### Collection entries

+ + + + + + +

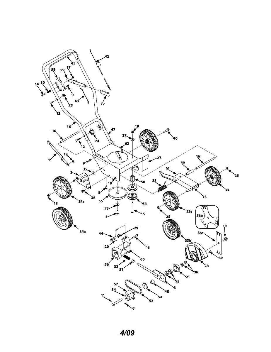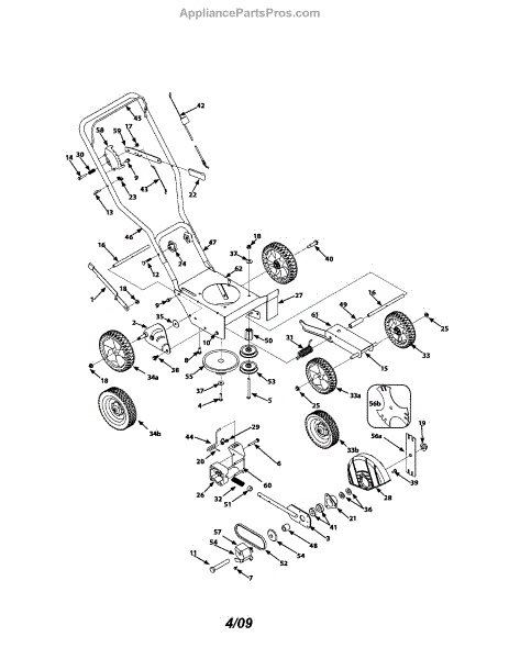 Replacement wheel assembly for walk-behind mowers and lawn equipment. Installs on axle to restore mobility. Order when wheel is cracked, broken, or worn.
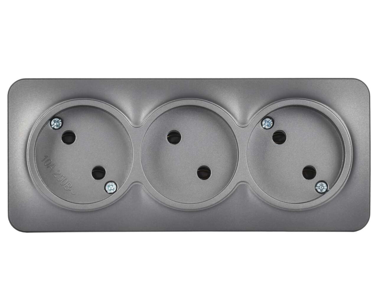 ОформитьGLORY Розетка 3-местная для открытой установки без заземления без защитных шторок 10А РС23-2-ХСм сталь матовый IEK
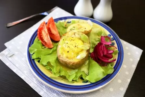 В середину каждой картошки аккуратно разбивается яйцо. Духовку стоит предварительно разогреть до 200°C. Форму для запекания стоит застелить фольгой для удобства, после чего в ней размещается картофель. Запекается все это в духовке около 10-15 минут, пока желток не начнёт застывать.
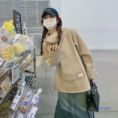 新作 パーカー レディース プルオーバー フード付き 長袖 ハイネック アウター スリット ゆったり カジュアル 春秋 通勤 韓国風 上品 おしゃれ
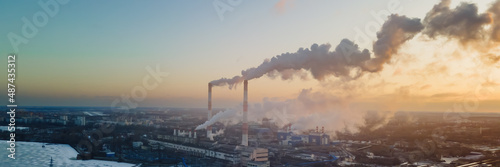 Fototapeta premium Industrial factory pollution, smokestack exhaust gases. Industry zone, thick smoke. Climate change and global warming. Wide banner
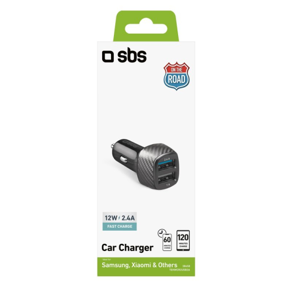 SBS CAR CHARGER 2 USB PORTS 12W 2.4A black
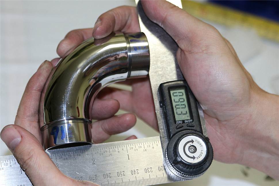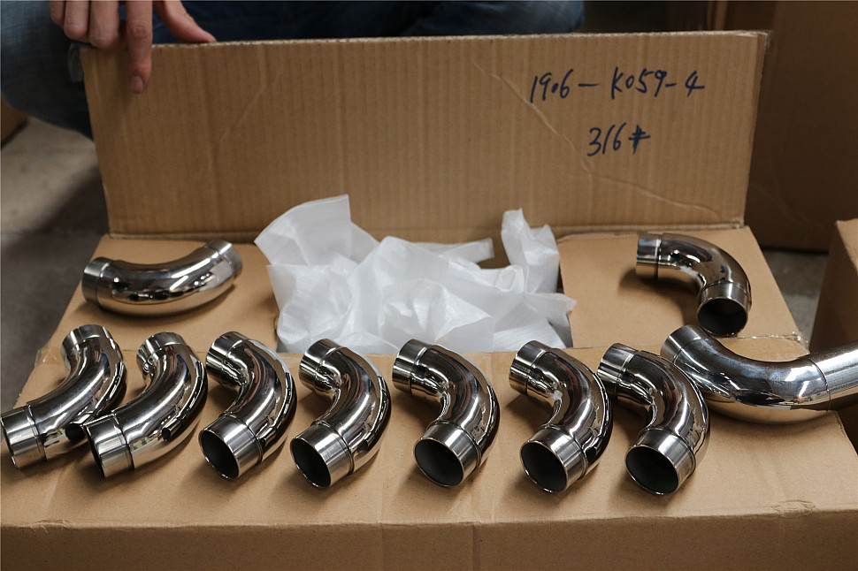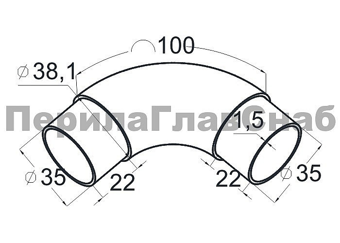 Отвод под поручень диаметром Ø38.1х110х1.5 мм, 90°. Деталь литая, полированная 600 Grit, с двумя установочными кольцами. Марка стали - AISI 316
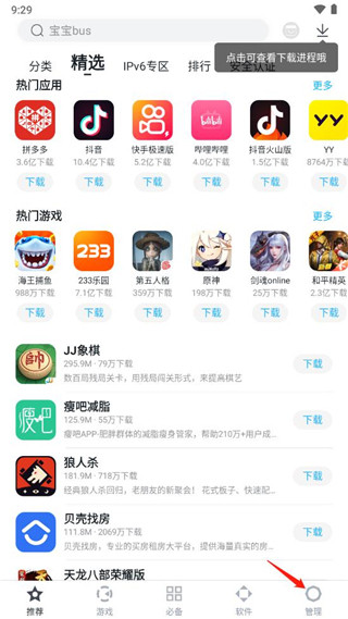 1、进入百度手机助手APP的首页之后,点击页面右下角的“管理”。
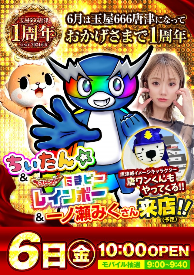 明日6日 玉屋666唐津はおかげさまで1周年🌈10時開店🔥
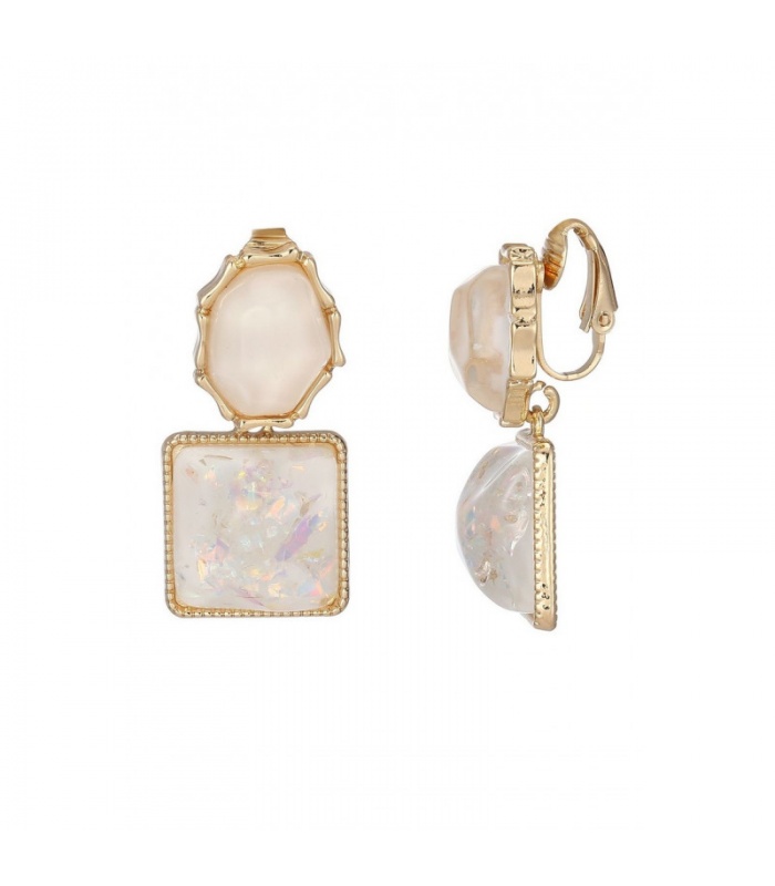 Deze oorclips combineren stralend witte elementen met een elegante goudkleurige rand, wat zorgt voor een tijdloze en verfijnde uitstraling. Het contrast tussen het heldere wit en de warme gouden tint maakt deze oorclips tot een veelzijdig accessoire dat zowel bij casual als formele outfits past.
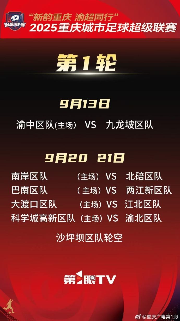 渝超对阵图出炉!9月13日首场比赛渝中队对阵九龙坡队
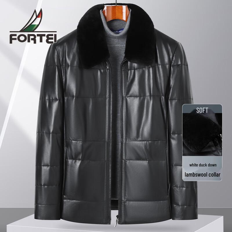 Futing Men's Sheepskin Down Leather Jacket with Lamb Wool Collar
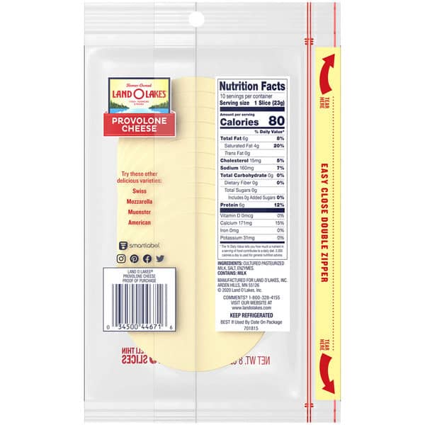 Whether you’re topping bruschetta or our Italian Beef Melt, Land O Lakes® Provolone Sliced Cheese is a great choice for some of your favorite recipes! Pick up your favorite variety of Land O Lakes® cheese at your local deli without the wait of the deli line. Try these other delicious varieties: Mozzarella; American; Swiss; Muenster. Comments? 1-800-328-4155. Visit our website at www.landolakes.com

+ + + + + + +

### PROBLEM TO WORK ON
Among the records above, locate the line containing "Fototapeta premium Industrial" and the line containing "明日6日 玉屋666唐津はおかげさまで1周年🌈10時開店🔥", then transcribe exactly the lines starting at the first and ending at the second, with no pictures.

### SOLUTION TO THIS PROBLEM
 Fototapeta premium Industrial factory pollution, smokestack exhaust gases. Industry zone, thick smoke. Climate change and global warming. Wide banner
 SBS CAR CHARGER 2 USB PORTS 12W 2.4A black
 Отвод под поручень диаметром Ø38.1х110х1.5 мм, 90°. Деталь литая, полированная 600 Grit, с двумя установочными кольцами. Марка стали - AISI 316
 1、进入百度手机助手APP的首页之后,点击页面右下角的“管理”。
 明日6日 玉屋666唐津はおかげさまで1周年🌈10時開店🔥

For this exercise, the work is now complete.